→ Provided records:
____________

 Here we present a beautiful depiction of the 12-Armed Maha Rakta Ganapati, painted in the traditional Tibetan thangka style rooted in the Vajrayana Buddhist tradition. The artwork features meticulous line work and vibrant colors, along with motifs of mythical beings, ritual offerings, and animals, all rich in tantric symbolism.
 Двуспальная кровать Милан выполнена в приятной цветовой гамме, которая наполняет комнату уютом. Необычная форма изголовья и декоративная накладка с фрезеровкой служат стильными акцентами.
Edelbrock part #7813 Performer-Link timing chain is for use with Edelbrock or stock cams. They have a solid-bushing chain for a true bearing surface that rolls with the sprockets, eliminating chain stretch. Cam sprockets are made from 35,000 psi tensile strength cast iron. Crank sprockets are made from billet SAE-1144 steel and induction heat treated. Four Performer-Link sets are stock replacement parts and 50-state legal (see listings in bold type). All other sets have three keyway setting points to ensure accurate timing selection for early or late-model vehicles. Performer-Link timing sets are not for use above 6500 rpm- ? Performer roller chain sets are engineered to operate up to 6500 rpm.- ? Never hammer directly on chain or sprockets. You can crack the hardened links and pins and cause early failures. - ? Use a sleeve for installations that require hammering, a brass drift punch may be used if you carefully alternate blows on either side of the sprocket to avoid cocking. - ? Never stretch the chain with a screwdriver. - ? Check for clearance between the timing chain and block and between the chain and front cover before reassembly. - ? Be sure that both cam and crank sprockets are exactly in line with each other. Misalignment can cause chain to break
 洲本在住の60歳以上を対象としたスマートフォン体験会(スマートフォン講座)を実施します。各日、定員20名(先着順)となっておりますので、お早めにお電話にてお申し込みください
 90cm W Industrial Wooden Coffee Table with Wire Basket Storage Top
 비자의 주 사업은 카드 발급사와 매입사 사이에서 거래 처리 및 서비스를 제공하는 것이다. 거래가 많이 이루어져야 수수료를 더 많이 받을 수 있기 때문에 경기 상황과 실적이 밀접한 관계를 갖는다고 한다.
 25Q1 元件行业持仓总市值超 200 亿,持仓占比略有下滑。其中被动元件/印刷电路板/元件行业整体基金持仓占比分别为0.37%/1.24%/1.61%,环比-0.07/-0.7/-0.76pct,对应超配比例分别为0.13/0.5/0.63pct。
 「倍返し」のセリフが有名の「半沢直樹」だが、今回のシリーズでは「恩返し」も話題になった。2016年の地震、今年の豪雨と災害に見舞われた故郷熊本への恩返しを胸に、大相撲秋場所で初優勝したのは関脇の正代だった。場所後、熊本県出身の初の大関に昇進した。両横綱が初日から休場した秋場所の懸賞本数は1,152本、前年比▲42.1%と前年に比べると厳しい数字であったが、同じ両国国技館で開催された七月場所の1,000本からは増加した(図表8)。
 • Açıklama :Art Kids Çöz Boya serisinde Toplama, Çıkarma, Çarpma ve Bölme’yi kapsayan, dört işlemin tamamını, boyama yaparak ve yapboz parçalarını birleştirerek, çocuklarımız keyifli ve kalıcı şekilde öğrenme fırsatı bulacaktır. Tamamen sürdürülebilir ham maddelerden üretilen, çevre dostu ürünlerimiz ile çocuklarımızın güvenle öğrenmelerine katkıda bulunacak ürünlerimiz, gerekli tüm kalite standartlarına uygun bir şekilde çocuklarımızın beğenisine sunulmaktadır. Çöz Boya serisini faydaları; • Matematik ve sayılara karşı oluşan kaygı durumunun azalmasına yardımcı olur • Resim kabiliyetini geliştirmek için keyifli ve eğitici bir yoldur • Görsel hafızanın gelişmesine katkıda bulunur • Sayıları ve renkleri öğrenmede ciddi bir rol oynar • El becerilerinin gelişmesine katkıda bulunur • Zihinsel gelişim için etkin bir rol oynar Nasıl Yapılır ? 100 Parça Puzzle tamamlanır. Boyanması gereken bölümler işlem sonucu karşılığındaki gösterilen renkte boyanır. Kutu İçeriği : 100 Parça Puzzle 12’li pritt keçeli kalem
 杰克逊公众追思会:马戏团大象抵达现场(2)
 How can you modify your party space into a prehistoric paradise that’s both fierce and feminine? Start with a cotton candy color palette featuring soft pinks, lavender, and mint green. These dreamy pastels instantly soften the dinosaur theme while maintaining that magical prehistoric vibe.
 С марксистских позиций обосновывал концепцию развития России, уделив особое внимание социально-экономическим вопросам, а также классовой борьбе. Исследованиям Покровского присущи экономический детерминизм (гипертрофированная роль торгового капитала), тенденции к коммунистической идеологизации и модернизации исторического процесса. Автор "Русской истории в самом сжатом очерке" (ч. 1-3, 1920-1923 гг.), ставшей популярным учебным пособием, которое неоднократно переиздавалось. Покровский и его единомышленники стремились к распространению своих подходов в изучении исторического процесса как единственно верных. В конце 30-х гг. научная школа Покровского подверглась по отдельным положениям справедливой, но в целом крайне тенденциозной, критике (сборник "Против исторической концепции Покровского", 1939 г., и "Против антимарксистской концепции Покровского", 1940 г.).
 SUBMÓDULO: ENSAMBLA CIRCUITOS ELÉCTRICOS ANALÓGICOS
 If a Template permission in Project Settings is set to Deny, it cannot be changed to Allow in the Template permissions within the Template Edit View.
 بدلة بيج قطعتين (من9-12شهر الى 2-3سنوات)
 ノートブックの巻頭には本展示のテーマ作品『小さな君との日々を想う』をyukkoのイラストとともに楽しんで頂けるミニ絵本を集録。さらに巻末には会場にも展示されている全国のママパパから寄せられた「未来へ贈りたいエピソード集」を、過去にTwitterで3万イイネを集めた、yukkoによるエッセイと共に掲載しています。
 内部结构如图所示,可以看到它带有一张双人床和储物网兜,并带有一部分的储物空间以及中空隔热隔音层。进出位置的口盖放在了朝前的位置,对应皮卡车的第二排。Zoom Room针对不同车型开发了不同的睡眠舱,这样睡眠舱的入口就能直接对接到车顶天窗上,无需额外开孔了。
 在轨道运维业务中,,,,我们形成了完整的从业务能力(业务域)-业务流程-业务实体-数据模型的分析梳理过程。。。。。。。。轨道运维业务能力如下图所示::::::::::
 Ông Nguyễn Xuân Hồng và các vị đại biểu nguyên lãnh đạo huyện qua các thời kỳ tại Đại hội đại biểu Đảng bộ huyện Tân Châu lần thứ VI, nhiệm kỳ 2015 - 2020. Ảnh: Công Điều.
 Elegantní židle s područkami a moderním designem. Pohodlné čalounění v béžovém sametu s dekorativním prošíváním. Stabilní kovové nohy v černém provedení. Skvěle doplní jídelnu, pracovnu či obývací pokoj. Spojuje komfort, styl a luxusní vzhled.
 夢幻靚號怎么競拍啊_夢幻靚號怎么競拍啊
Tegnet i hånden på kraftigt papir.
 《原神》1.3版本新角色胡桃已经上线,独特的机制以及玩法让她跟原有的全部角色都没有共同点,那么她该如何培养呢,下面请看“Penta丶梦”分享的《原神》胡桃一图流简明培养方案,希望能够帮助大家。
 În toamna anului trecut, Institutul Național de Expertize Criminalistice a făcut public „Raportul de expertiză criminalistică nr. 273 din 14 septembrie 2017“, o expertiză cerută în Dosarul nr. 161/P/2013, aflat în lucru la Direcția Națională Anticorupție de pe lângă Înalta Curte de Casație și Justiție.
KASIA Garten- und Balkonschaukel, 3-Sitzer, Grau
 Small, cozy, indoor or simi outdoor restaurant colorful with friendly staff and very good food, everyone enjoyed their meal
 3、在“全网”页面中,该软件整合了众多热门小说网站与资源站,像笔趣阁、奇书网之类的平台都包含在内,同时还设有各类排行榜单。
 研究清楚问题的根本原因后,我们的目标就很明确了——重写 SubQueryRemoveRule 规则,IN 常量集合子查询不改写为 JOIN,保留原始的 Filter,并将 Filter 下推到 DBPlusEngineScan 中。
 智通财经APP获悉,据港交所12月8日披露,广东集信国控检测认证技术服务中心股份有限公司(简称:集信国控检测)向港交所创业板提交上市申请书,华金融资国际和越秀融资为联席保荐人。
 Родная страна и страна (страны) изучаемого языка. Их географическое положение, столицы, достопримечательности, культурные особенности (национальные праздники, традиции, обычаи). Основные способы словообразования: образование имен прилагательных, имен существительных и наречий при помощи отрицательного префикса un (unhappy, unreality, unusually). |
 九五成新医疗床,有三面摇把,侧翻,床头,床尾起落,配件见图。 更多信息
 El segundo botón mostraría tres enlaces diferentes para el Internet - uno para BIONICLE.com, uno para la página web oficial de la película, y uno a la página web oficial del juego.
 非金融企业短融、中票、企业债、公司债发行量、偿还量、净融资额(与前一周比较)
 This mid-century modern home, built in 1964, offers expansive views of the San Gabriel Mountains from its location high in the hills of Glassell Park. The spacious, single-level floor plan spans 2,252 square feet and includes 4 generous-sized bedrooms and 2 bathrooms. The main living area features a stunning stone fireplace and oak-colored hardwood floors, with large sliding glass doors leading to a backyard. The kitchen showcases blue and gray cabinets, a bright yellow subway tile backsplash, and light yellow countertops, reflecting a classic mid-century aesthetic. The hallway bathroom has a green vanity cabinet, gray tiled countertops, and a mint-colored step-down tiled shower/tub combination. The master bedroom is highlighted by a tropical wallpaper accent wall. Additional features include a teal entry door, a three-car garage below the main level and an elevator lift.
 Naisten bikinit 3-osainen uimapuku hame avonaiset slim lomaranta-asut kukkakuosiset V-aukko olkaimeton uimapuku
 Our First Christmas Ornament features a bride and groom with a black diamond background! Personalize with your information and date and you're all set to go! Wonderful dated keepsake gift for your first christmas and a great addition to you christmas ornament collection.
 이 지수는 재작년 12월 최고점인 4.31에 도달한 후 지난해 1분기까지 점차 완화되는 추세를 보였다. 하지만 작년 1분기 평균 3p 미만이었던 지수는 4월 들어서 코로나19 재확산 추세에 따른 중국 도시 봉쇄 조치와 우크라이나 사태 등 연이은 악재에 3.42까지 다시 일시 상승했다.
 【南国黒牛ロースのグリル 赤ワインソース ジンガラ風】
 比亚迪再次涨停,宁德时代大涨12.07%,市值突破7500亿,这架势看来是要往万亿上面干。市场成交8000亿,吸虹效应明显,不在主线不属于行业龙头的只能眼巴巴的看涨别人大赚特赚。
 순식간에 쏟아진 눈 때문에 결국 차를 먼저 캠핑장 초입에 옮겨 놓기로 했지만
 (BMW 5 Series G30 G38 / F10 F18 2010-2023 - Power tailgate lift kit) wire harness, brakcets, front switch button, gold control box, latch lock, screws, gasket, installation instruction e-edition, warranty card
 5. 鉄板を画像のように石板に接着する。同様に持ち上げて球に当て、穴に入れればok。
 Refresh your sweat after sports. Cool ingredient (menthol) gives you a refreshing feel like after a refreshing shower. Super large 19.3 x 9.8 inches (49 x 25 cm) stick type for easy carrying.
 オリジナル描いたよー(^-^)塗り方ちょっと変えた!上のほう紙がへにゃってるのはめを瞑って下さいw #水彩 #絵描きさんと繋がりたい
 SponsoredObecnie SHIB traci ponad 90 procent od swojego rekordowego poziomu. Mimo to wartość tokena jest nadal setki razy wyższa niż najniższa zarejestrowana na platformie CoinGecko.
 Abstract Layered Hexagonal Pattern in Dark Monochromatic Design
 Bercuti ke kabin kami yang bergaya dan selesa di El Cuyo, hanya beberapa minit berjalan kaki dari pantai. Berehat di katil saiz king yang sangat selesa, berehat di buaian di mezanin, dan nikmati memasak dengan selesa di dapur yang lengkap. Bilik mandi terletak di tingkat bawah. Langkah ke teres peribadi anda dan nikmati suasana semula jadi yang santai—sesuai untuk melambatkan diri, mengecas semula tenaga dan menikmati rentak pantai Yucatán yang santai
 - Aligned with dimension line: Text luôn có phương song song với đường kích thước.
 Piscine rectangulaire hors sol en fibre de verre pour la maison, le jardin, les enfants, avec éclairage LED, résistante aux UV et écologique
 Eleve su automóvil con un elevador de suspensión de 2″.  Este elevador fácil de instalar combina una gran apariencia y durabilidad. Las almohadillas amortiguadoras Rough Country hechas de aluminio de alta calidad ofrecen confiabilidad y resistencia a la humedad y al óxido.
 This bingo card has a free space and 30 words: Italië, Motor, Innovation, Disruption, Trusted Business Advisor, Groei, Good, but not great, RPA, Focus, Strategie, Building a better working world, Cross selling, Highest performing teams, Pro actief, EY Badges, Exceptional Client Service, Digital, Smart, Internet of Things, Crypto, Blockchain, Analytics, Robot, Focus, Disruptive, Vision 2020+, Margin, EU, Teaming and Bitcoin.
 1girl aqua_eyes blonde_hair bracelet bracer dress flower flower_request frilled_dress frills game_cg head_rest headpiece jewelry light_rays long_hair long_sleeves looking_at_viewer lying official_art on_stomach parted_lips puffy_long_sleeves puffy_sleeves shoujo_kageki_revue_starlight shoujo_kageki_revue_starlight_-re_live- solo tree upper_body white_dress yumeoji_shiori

____________

→ What the task asks:
Could you please retype the lines from the start of the data through the line with "Двуспальная кровать Милан", both included, and nothing else?

→ Solution to the problem:
 Here we present a beautiful depiction of the 12-Armed Maha Rakta Ganapati, painted in the traditional Tibetan thangka style rooted in the Vajrayana Buddhist tradition. The artwork features meticulous line work and vibrant colors, along with motifs of mythical beings, ritual offerings, and animals, all rich in tantric symbolism.
 Двуспальная кровать Милан выполнена в приятной цветовой гамме, которая наполняет комнату уютом. Необычная форма изголовья и декоративная накладка с фрезеровкой служат стильными акцентами.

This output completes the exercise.